If you double click on the X axis label of the version that appears you can supply a new axis label, such as "Apgar Score." You can also go to the new menu and ask that the label be centered. Then if you click on the X-axis, a dialog box will open and allow you to specify the number of bins. Thus you can change the number of intervals (bins) from 5 to 10, which should make things more readable. You can also chose supply a label for the Y axis if you wish.

It pays to play around with the other choices you have, but I don't have the space to do that here. The results of the changes that I have made are shown below, and I think it is a much more useful figure.

Notice that these scores are reasonably symmetrically distributed. They are cut off by a ceiling at 10, and are somewhat negatively skewed, but that skew is accounted for by only 4 subjects, so I'm not going to take it too seriously. As variables go in Psychology, this one is quite well behaved.

The histogram of the mother's weight gain is shown below, followed by the histogram on gestational age.

You can see that both of these distributions are skewed. The weight gain one is not too bad, though it does have several high outliers. The gestational age distribution is quite skewed, with most of the children being born between about 35 and 42 weeks, for four children born at less than 30 weeks. I'm not sure what to do with these variables, though a square root or logarithmic transformation of the weight gain variable might be in order. I don't know anything that would clean up the gestational age variable. Notice that for both the Apgar scores and the Gestational age scores we had four observations in the negative tail. When we come to look at the relationship between these two variables, it will be interesting to see if those points are from the same four cases.

Finally, I want to look at the distribution of annual incomes. People who work with income data often routinely a logarithmic transformation, to diminish the influence of the right tail. If we look at the original (raw score) data we see that it has a very definite positive skew. If we take the logarithm of incomes, things look somewhat better. We will use the log income variable for subsequent analyses. The two distributions are shown below.

You might ask how I obtained the log of incomes. Good
question. Simply go to **Transform/Compute**
on the main SPSS menu. In the box to the left labeled Target variable,
enter the name of the new variable you want to create (such as
logincome).

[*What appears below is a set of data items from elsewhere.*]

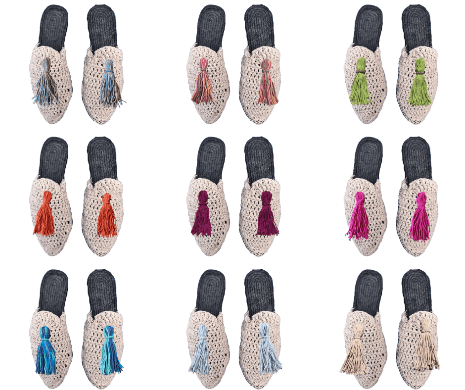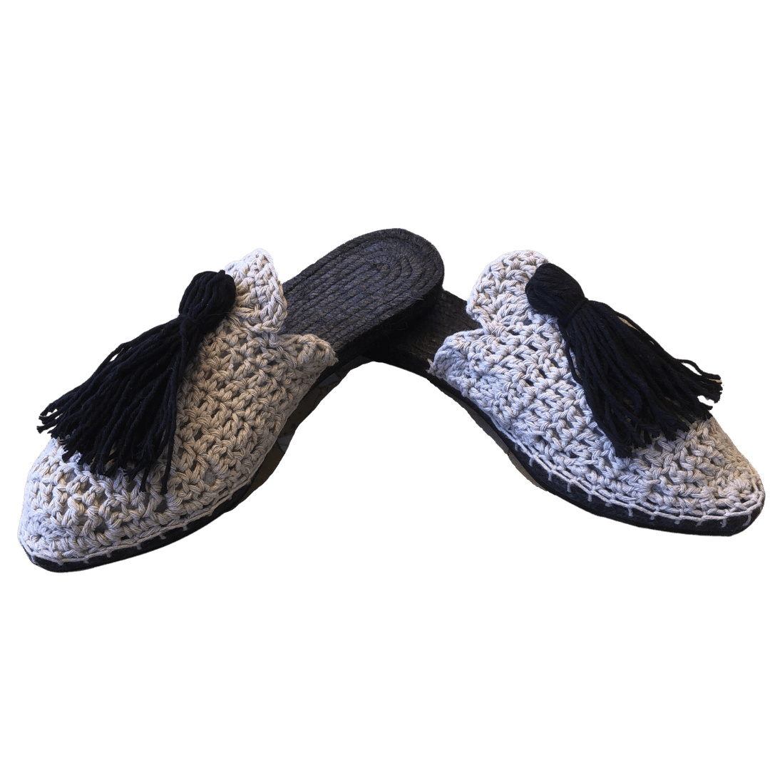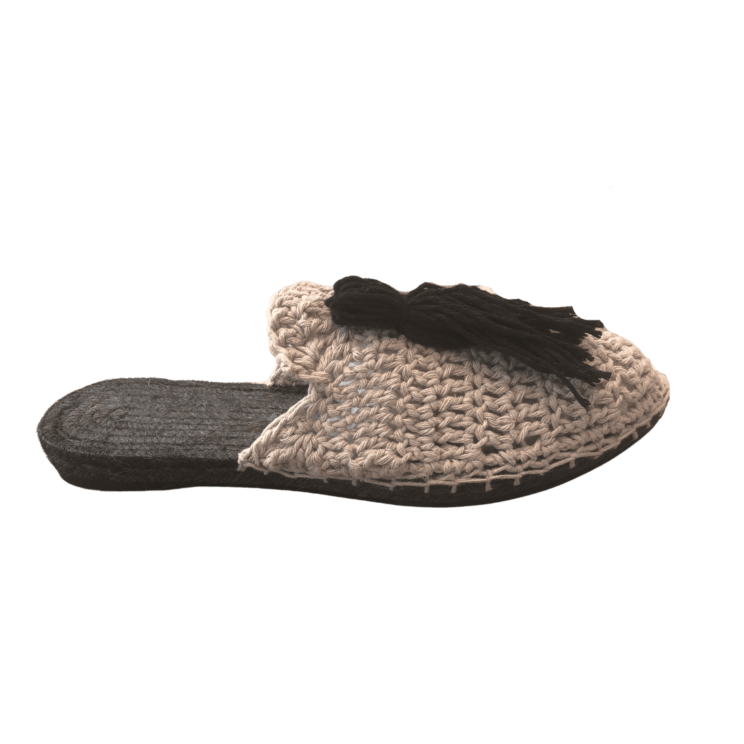 Este mule está hecho con una suela de alpargata en pico, elaborada en España y teñida a mano de color negro.
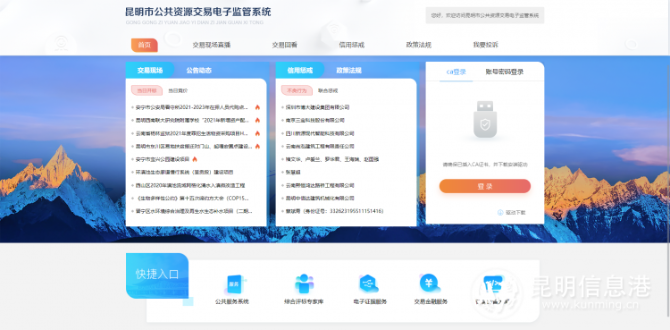 昆明市公共资源交易电子监管平台为全市各级交易监管职能部门开放监管端口,提供监管渠道。同时顺应交易平台市场化、社会化新形势,监管平台对外提供数据标准接口,允许符合标准的第三方交易平台接入,扩大监管范围,满足交易市场化形势下的监管需求,防范滋生交易腐败乱象。
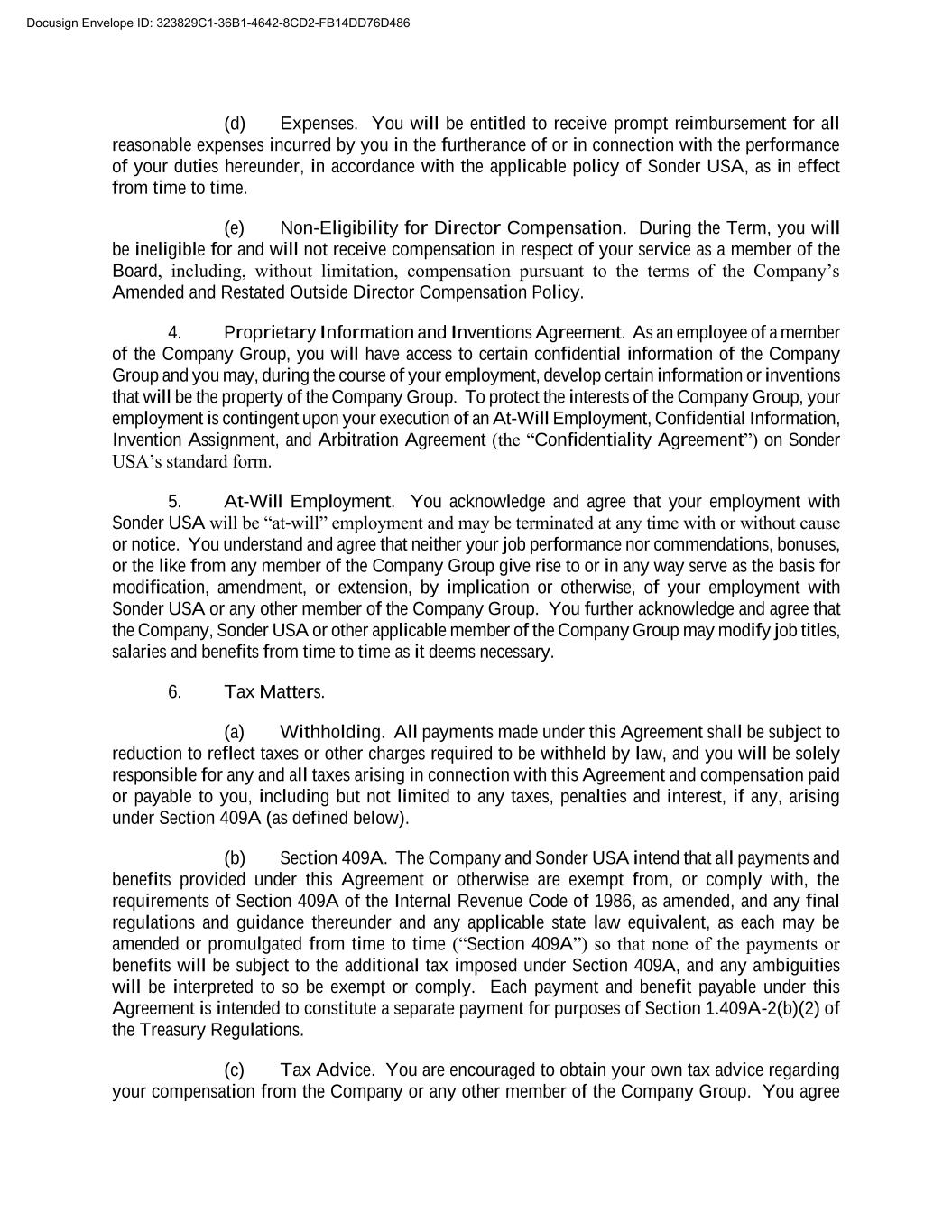 (d) Expenses. You will be entitled to receive prompt reimbursement for all reasonable expenses incurred by you in the furtherance of or in connection with the performance of your duties hereunder, in accordance with the applicable policy of Sonder USA, as in effect from time to time. (e) Non-Eligibility for Director Compensation. During the Term, you will be ineligible for and will not receive compensation in respect of your service as a member of the Board, including, without limitation, compensation pursuant to the terms of the Company’s Amended and Restated Outside Director Compensation Policy. 4. Proprietary Information and Inventions Agreement. As an employee of a member of the Company Group, you will have access to certain confidential information of the Company Group and you may, during the course of your employment, develop certain information or inventions that will be the property of the Company Group. To protect the interests of the Company Group, your employment is contingent upon your execution of an At-Will Employment, Confidential Information, Invention Assignment, and Arbitration Agreement (the “Confidentiality Agreement”) on Sonder USA’s standard form. 5. At-Will Employment. You acknowledge and agree that your employment with Sonder USA will be “at-will” employment and may be terminated at any time with or without cause or notice. You understand and agree that neither your job performance nor commendations, bonuses, or the like from any member of the Company Group give rise to or in any way serve as the basis for modification, amendment, or extension, by implication or otherwise, of your employment with Sonder USA or any other member of the Company Group. You further acknowledge and agree that the Company, Sonder USA or other applicable member of the Company Group may modify job titles, salaries and benefits from time to time as it deems necessary. 6. Tax Matters. (a) Withholding. All payments made under this Agreement shall be subject to reduction to reflect taxes or other charges required to be withheld by law, and you will be solely responsible for any and all taxes arising in connection with this Agreement and compensation paid or payable to you, including but not limited to any taxes, penalties and interest, if any, arising under Section 409A (as defined below). (b) Section 409A. The Company and Sonder USA intend that all payments and benefits provided under this Agreement or otherwise are exempt from, or comply with, the requirements of Section 409A of the Internal Revenue Code of 1986, as amended, and any final regulations and guidance thereunder and any applicable state law equivalent, as each may be amended or promulgated from time to time (“Section 409A”) so that none of the payments or benefits will be subject to the additional tax imposed under Section 409A, and any ambiguities will be interpreted to so be exempt or comply. Each payment and benefit payable under this Agreement is intended to constitute a separate payment for purposes of Section 1.409A-2(b)(2) of the Treasury Regulations. (c) Tax Advice. You are encouraged to obtain your own tax advice regarding your compensation from the Company or any other member of the Company Group. You agree Docusign Envelope ID: 323829C1-36B1-4642-8CD2-FB14DD76D486

Then in the list of functions to the right, scroll down
until you find something that looks as if it will give you a log. (I
used ln(numexpr) to get the natural log, but it would work just as well
if you used lg10(numexpr) to get the log to the base 10. Double click
on that and it will add that function to the box above, with the "?"
highlighted. Just double click on Anninc or type Anninc in place of the
"?".

We have seen a number of aspects of these data that we should keep in mind. We have an even split of male and female babies, which is what we would expect. We have about 30% of our mothers who received little or no prenatal care, and that may be important. Moreover about a quarter of our mothers smoked during pregnancy, and there is evidence elsewhere to suggest that this is not a very clever thing to do.

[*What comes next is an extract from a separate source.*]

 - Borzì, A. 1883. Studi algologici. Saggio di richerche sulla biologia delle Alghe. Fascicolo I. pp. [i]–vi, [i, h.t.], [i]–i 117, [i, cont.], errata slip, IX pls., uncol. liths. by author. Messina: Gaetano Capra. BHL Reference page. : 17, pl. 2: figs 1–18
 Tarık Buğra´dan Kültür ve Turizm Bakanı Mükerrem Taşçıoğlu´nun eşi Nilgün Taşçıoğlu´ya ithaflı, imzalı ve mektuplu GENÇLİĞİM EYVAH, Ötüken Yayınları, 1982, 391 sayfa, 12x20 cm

Our Apgar scores are roughly normally distributed, although there is a ceiling effect at the maximum possible score of 10, and there are a few stragglers at the lower end. Weight gain and family income are both positively skewed, and can profit from a logarithmic transformation. (Future analyses will be conducted with the transformed variables). The distribution of gestational age is negatively skewed, with four noticeable outliers. We will keep track of those outliers in future analyses. All in all, our data are about what we might expect, and with the exception of Gestational age, are reasonably well behaved (a statistician's term for neat and tidy).

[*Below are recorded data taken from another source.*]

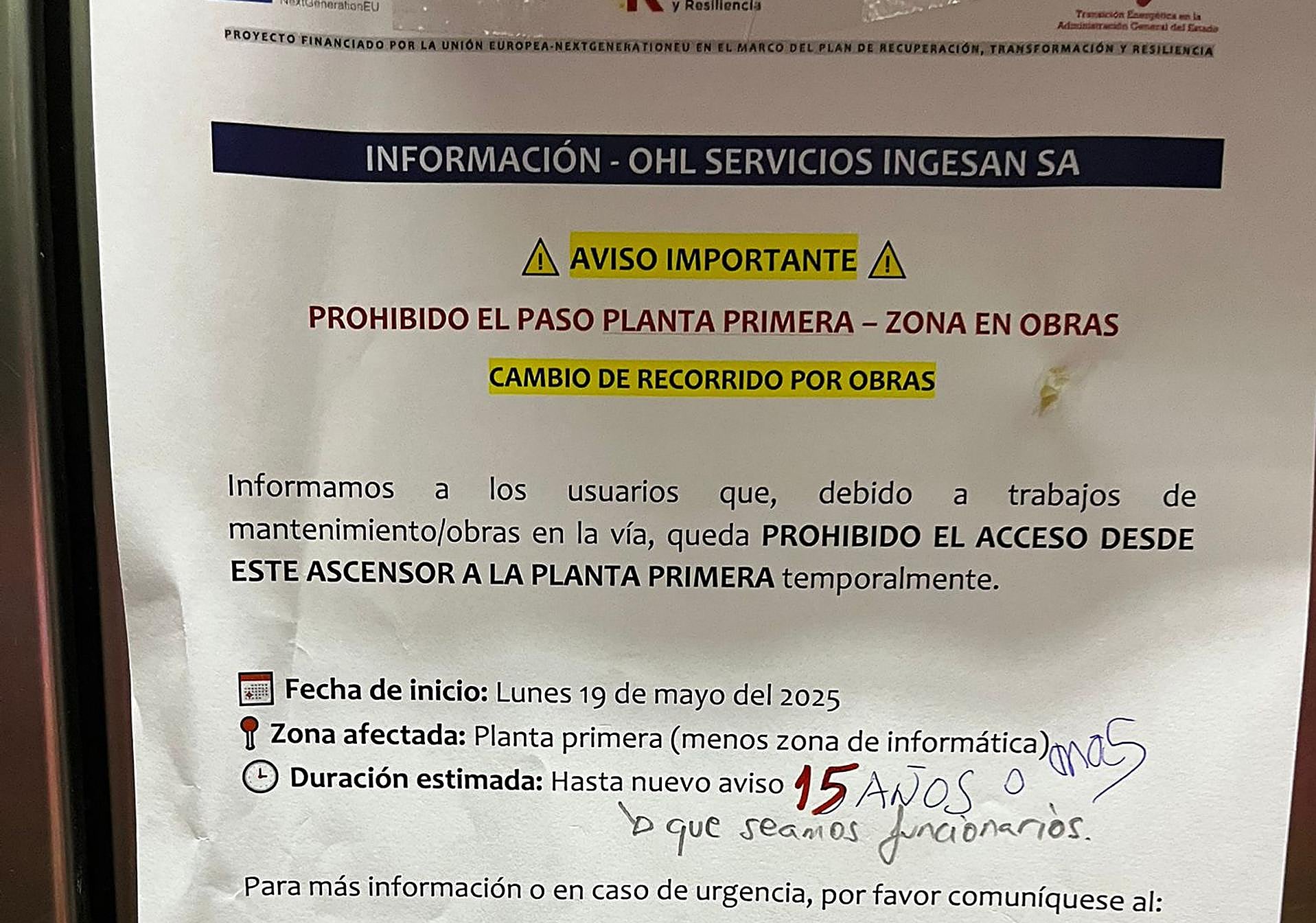 El mensaje recordaba la prohibición de acceso a la planta primera y establecía un cambio de recorrido. La fecha de inicio era el 19 de mayo y la duración estimada: «hasta nuevo aviso».
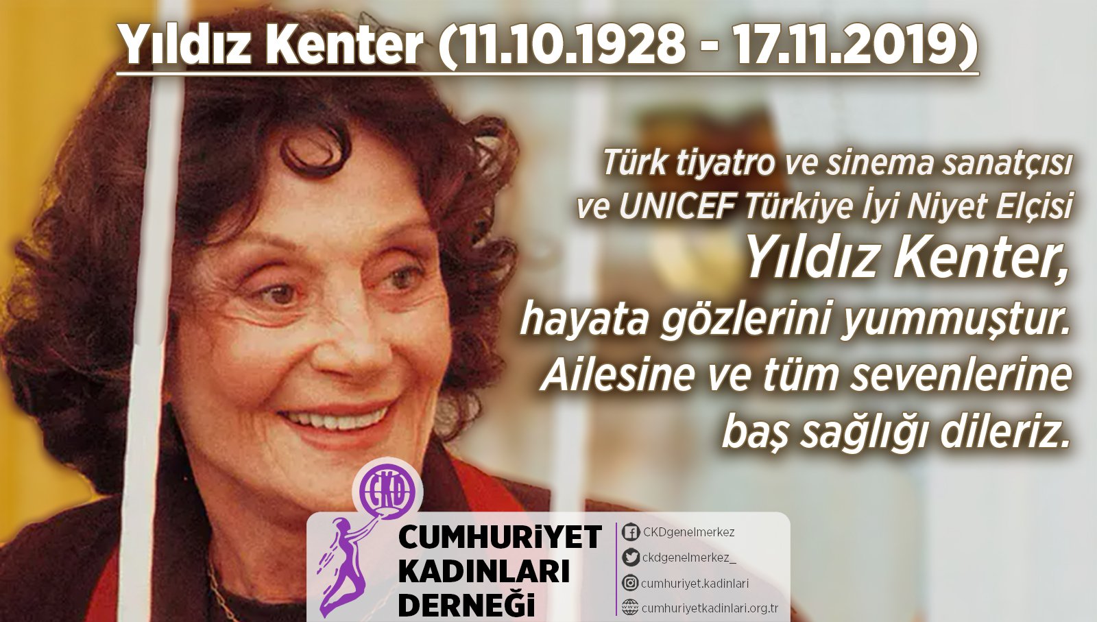 Cumhuriyet Kadinlari Dernegi Ckd على تويتر Turk Tiyatro Ve Sinema Sanatcisi Ve Unicef Turkiye Iyi Niyet Elcisi Yildizkenter Hayata Gozlerini Yummustur Ailesine Ve Tum Sevenlerine Bas Sagligi Dileriz Https T Co Mmufvjv0n1
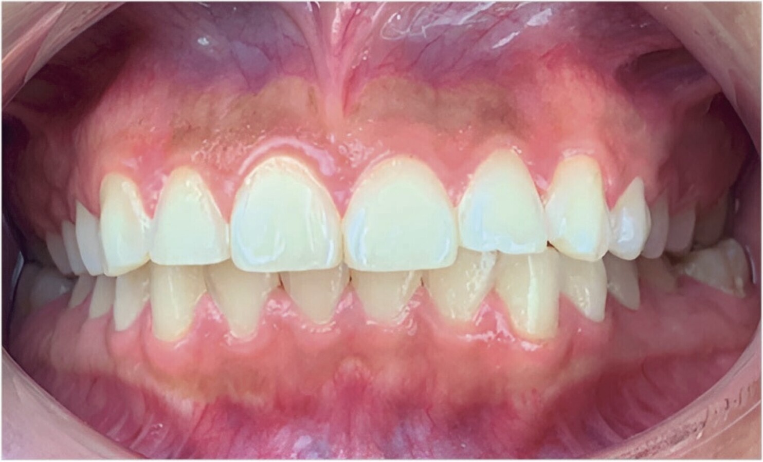 En la imagen registrada, se debe ver como máximo el incisivo central del cuadrante opuesto. Si se observa el incisivo lateral contralateral, indica que su toma fotográfica está registrada diagonal (desde muy adelante) y debe posicionar su cámara más paralela al sector lateral a fotografiar.

We have looked at our variables one at a time, and have transformed two of them to bring them closer to normal distributions. We now know quite a bit about what the individual variables look like, and it is time to look at variables in combination with other variables. Jennifer and Colin are getting more than a little impatient with our fiddling around. They want to know what to do, and they don't appreciate the fact that one really needs to start at the beginning. (They always were an impatient couple.)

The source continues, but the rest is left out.